As of version 12.7, CPLEX now has built-in support for Benders decomposition. For details on that (and other changes to CPLEX), I suggest you look at this post on J-F Puget's blog and Xavier Nodet's related slide show. [Update 12/7/16: There is additional information about the Benders support in a presentation by IBM's Andrea Tramontani at the 2016 INFORMS national meeting, "Recent advances in IBM ILOG CPLEX".]

I've previously posted Java code for a simple example of Benders decomposition (a fixed-cost warehousing/distribution problem). To get a feel for the new features related to Benders, I rewrote that example. The code for the revised example is in this Git repository, and is free for use under a Creative Commons 3.0 license. There is also an issue tracker, if you bump into any bugs.

Going through the code here would be pretty boring, but there are a few bits and pieces I think are worth explaining, and I'll show some far from definitive timing results.

Modeling Approaches


I have five modeling approaches in the code.
  • STANDARD: This is just a single MIP model, using no decomposition. It's present partly for benchmark purposes and partly because a few of the newer approaches build on it.
  • MANUAL: This is essentially a reprise of my earlier code. I write two separate models, a master problem (MIP) and a subproblem (LP), just as one would do prior to CPLEX 12.7.
  • ANNOTATED: This is the first of three methods exploiting the new features of CPLEX 12.7 I create a single model (by duplicating the STANDARD code) and then annotate it (using the annotatiion method added to CPLEX 12.7) to tell CPLEX how to split it into a master problem and a single subproblem. The annotation method would also let me create multiple disjoint subproblems, but the example we are using only needs one subproblem.
  • WORKERS: This is the ANNOTATED method again, but with a parameter setting giving CPLEX the option to split the single subproblem into two or more subproblems if it sees a structure in the subproblem that suggests partitioning is possible.
  • AUTOMATIC: Here I create a single model (identical to the STANDARD method) and, via a parameter setting, let CPLEX decide how to split it into a master problem and one or more subproblems.

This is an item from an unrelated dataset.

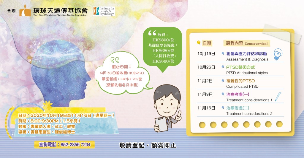 報名按此本課程主要是講解創傷治療中一些實務工作,處理方法等。讓學員能掌握到創傷治療當中重要元素,為將來成為專業助人者所俱備的知識,作好準備。
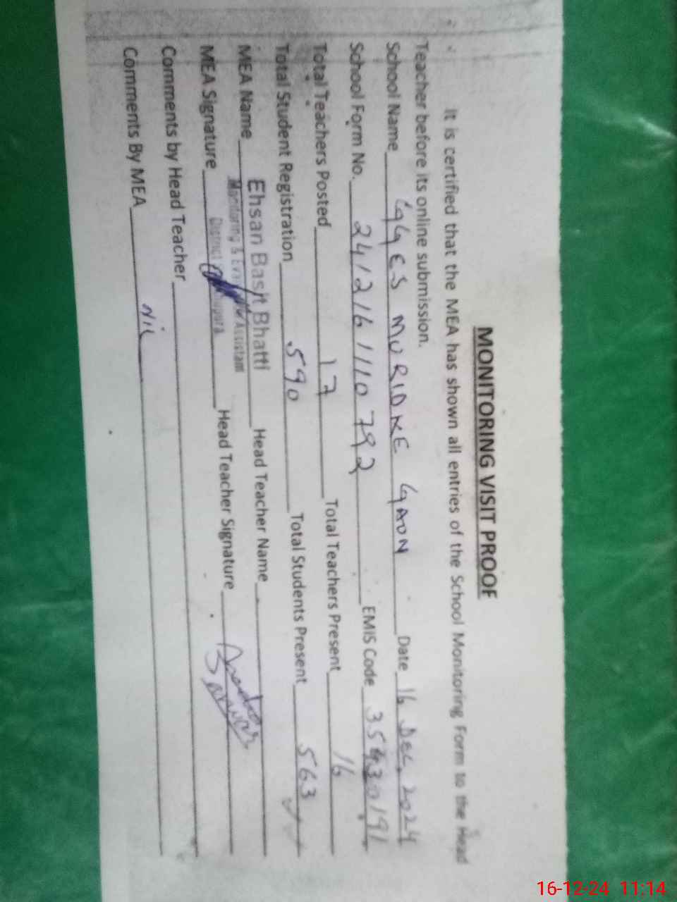 | Certified that this School was Inspected by the Undersigned MEA/DMO Today and the Information Stated Above is as Per Record. | |||||

Benders Strategy Parameter


The key to all this is a new parameter, whose Java name is IloCplex.Benders.Strategy. It is integer valued, but for some reason is not part of the IloCplex.IntParam class hierarchy (which threw me off at first when I tried to use it in my code). The values defined for it are:
  • -1 = OFF: Use standard branch and cut, doing no Benders decomposition (even if annotations are present). Note that this will not stop manually coded Benders from working (as in my MANUAL method); it just stops CPLEX for creating a decomposition. This is the default value.
  • 0 = AUTO: If no annotations are present, do standard branch and cut (akin to the OFF value). If the user supplies annotations, set up a Benders decomposition using those annotations, but partition the subproblems further if possible (akin to the WORKERS behavior below). If the user supplies incorrect annotations, throw an exception. This is the default value.
  • 1 = USER: Decompose the problem, adhering strictly to the user's annotations (with no additional decomposition of subproblems). If the user fails to annotate the model, or annotates it incorrectly, throw an exception.
  • 2 = WORKERS: This is similar to USER, but gives CPLEX permission to partition subproblems into smaller subproblems if it identifies a way to do so.
  • 3 = FULL: CPLEX ignores any user annotations and attempts to decompose the model. If either all the variables are integer (no LP subproblem) or none of them are (no MIP master problem), CPLEX throws an exception.
There are also two other Benders-related parameters, in Java IloCplex.Param.Benders.Tolerances.feasibilitycut and IloCplex.Param.Benders.Tolerances.optimalitycut, that set tolerances for feasibility and optimality cuts. (In my code I leave those at default values. If it ain't broke, don't fix it.)

Syntax


Coding the strategy parameter looks like the following.
IloCplex cplex;      // declare a model object
// ... build the model ...
int strategy = ...;  // pick the strategy value to use
cplex.setParam(IloCplex.Param.Benders.Strategy, strategy);

Annotations


Annotations can be specified in a separate file (if you are reading in a model) or added in code (which is what I do in my demo program). IBM apparently intends annotations to be used more generally than just for Benders decomposition. To use them for Benders, what you do is annotate each model variable with index number of the problem into which it should be placed (where problem 0 is the master problem and problems 1, 2, ... are subproblems). Only variables are annotated, not constraints or objective functions. If you fail to annotate a variable, it is given a default annotation (discussed further below). If you assign a negative integer as an annotation, the universe will implode spectacularly, and CPLEX with throw an exception just before it does.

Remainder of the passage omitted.